What happens in our brains when we look at art?

Studio 360
Mark Rothko's "Black on Maroon" at the Tate Modern

What goes through your mind when you pause at a museum to study a painting? No, really — what’s going on in your brain?

Dr. Eric Kandel is fascinated by this question. A neuroscientist at Columbia University, Kandel has spent his career studying how we form memories; he won the Nobel Prize in 2000 for his research. But his other passion is art, and in his new book, "Reductionism in Art and Brain Science: Bridging the Two Cultures,” he explores how our brains perceive and process creative works.

“Artists often use experimental approaches that are very similar to scientists,” Kandel says. “Chuck Close and Richard Serra said, ‘Creativity is for amateurs — we solve problems.’”

Looking at the thick color swaths of a Mark Rothko painting, Kandel marvels at how the artist reduced the image to just one of its elements: no form, no figuration, just color. For Kandel, studying the flickers and variations in a Rothko painting is “almost a religious experience.”

“He's exclusively focused on color, and he puts bars of color together,” he says. “And when you stand in front of a Rothko, you see what you can’t see in a picture: that each one of these bars is layers of paint. So there's a veil on top, but underneath it, you see, glowing, that particular color [represented] in that bar.”

Our “brains on art” have a hum of their own — they’re busy handling a flood of information from a few different streams. When we look at an image (or a person), Kandel says that our retinas see the photons bouncing off it. But that’s not enough for us to perceive what we’re seeing. So our brains turn to two additional strategies for help: bottom-up and top-down processing.

Kandel says that bottom-up processing is a set of rules that our visual system has evolved over millions of years.

“So if you see a source of light, you assume it's above because the sun comes above. If you see two people, one much larger than the other, you assume the larger one is closer to you. This is built into your brain.”

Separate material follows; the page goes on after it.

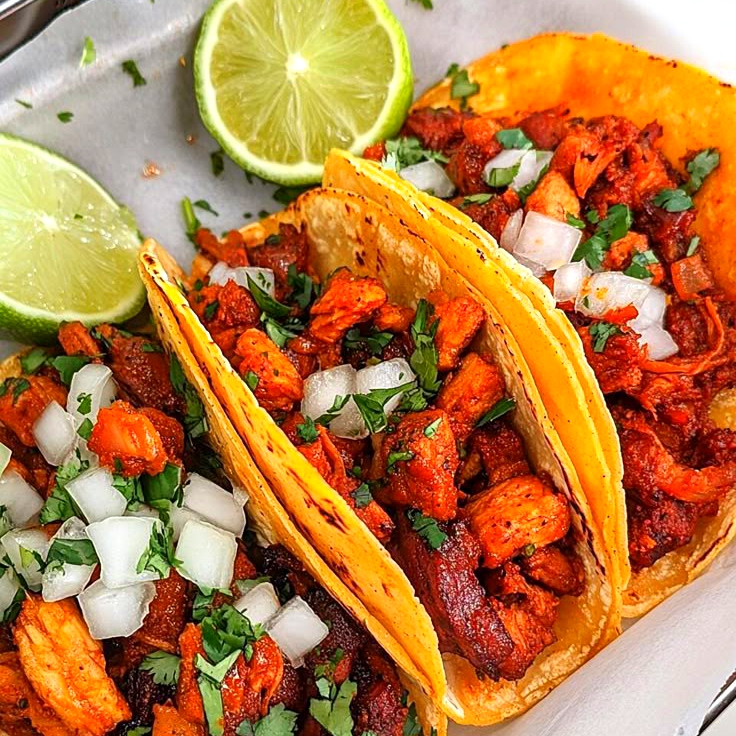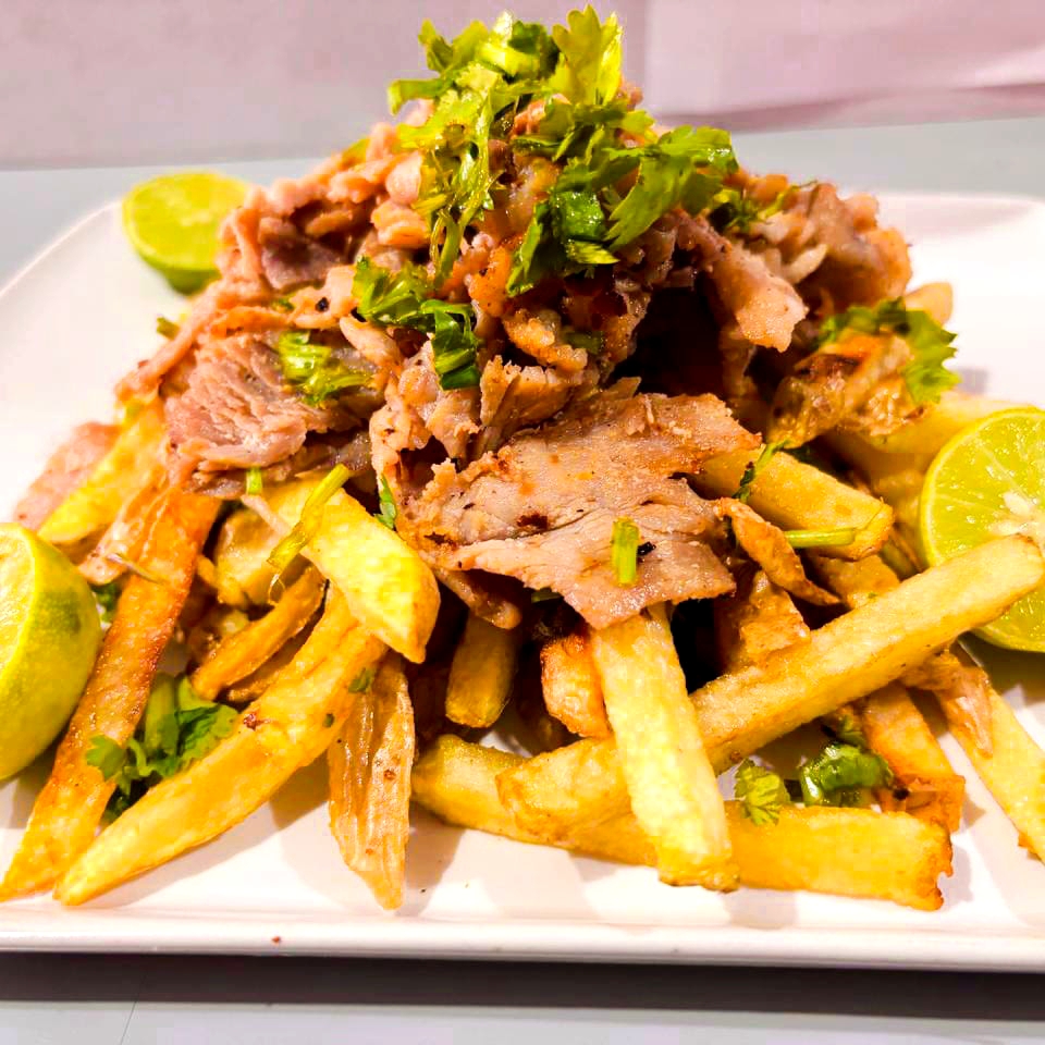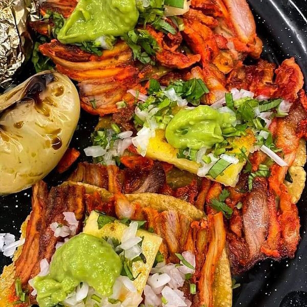 Taco al pastor con doble tortilla grande, papas , piña , cebolla , limones y salsas verde y roja

And if bottom-up processing is a bit like our visual operating system, hardwired into all of us through evolution, top-down processing resembles our software. It helps us use our own experiences to add information to what we’re seeing.

“You have a personal life, you have relationships, you have experiences, you’ve looked at art, you've listened to music,” Kandel says. “Those learned experiences, your life story, bears upon your perception — all perception, but certainly your perception of art, and in particular, [your] perception of ambiguous art like abstract art.”

Monet’s famous paintings of water lilies include enough detail to steer you through the images at first glance. But upon closer inspection, they’re full of blurred places and vague little spots. Kandel says these abstractions spur us to interpret the image creatively, using top-down processing. Whoever said art isn’t participatory?

“You need imagination, interpretation in order to really make sense out of it in your own head,” he says. “So you recruit top-down processing: your own thinking, your imagination, your experiences. And I don't know whether you function like I do, but I have the lousiest little idea, and I feel good about it. One gets pleasure out of one's attempts at originality.

Of the vague spaces between Monet’s water lilies, Kandel wonders, aloud, “Is this water, is, is this just murkiness, are these lilies that I don't recognize? I mean, that keeps you going for some time, and it's really quite wonderful.”

This article is based on an interview that aired on PRI's Studio 360 with Kurt Andersen.